** Opening Provided data block **

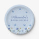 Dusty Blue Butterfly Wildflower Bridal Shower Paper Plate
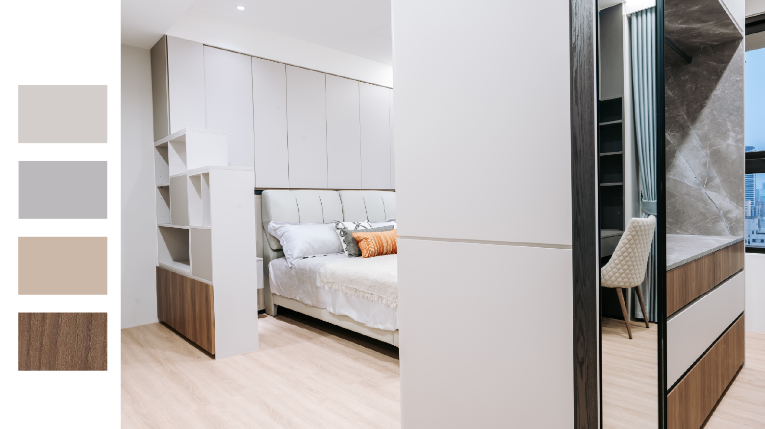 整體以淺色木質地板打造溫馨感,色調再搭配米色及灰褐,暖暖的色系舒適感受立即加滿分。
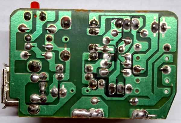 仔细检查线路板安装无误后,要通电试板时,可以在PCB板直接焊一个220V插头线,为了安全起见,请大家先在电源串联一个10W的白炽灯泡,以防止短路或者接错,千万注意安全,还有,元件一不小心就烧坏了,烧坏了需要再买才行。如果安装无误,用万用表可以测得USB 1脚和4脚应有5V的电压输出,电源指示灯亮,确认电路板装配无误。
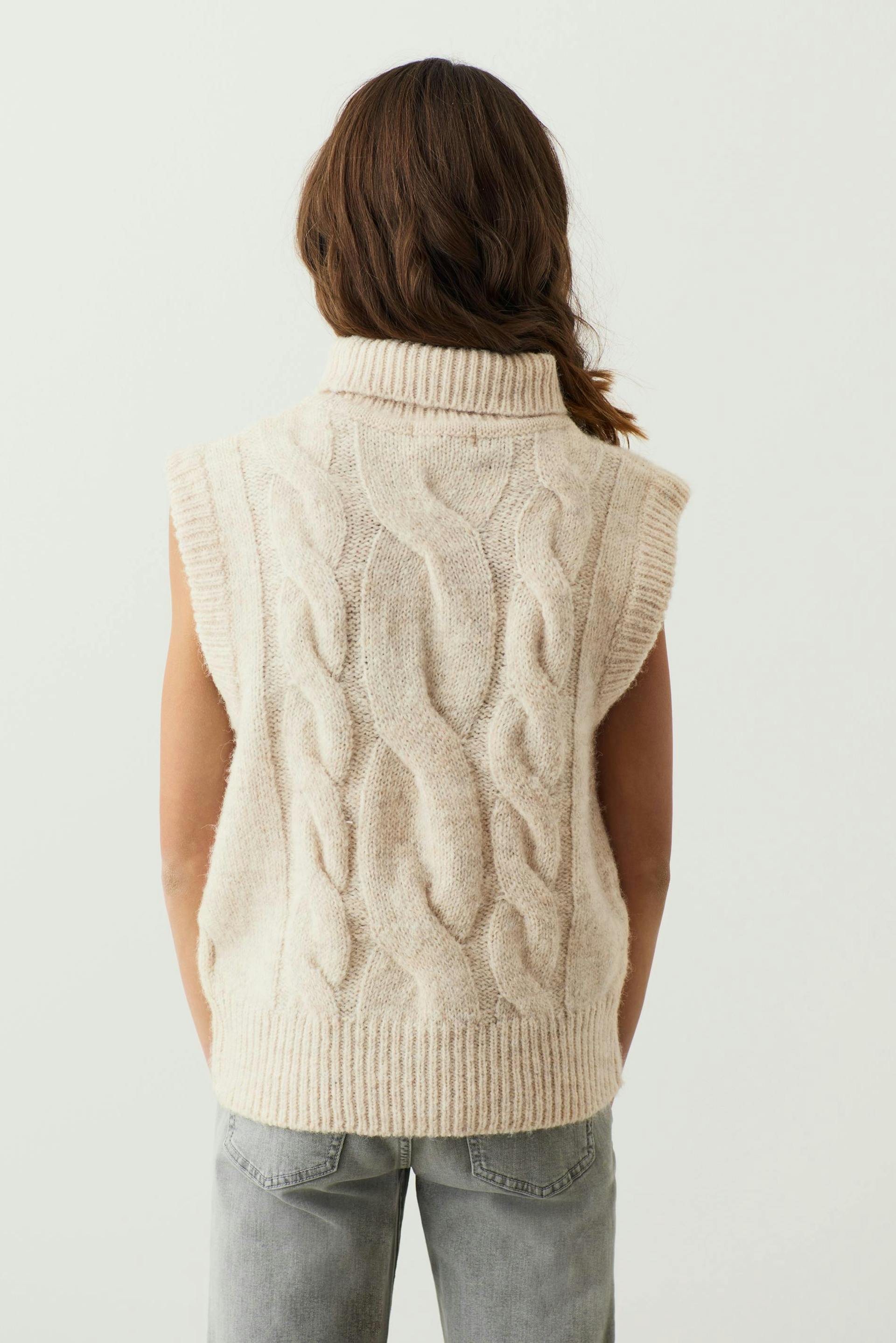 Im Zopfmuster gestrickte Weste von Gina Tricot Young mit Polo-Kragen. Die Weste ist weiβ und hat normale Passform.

** Closing Provided data block **

● **Task details**: The entire listing above is to be copied exactly, with all pictures omitted.

● **Response to the task**:
 Dusty Blue Butterfly Wildflower Bridal Shower Paper Plate
 整體以淺色木質地板打造溫馨感,色調再搭配米色及灰褐,暖暖的色系舒適感受立即加滿分。
 仔细检查线路板安装无误后,要通电试板时,可以在PCB板直接焊一个220V插头线,为了安全起见,请大家先在电源串联一个10W的白炽灯泡,以防止短路或者接错,千万注意安全,还有,元件一不小心就烧坏了,烧坏了需要再买才行。如果安装无误,用万用表可以测得USB 1脚和4脚应有5V的电压输出,电源指示灯亮,确认电路板装配无误。
 Im Zopfmuster gestrickte Weste von Gina Tricot Young mit Polo-Kragen. Die Weste ist weiβ und hat normale Passform.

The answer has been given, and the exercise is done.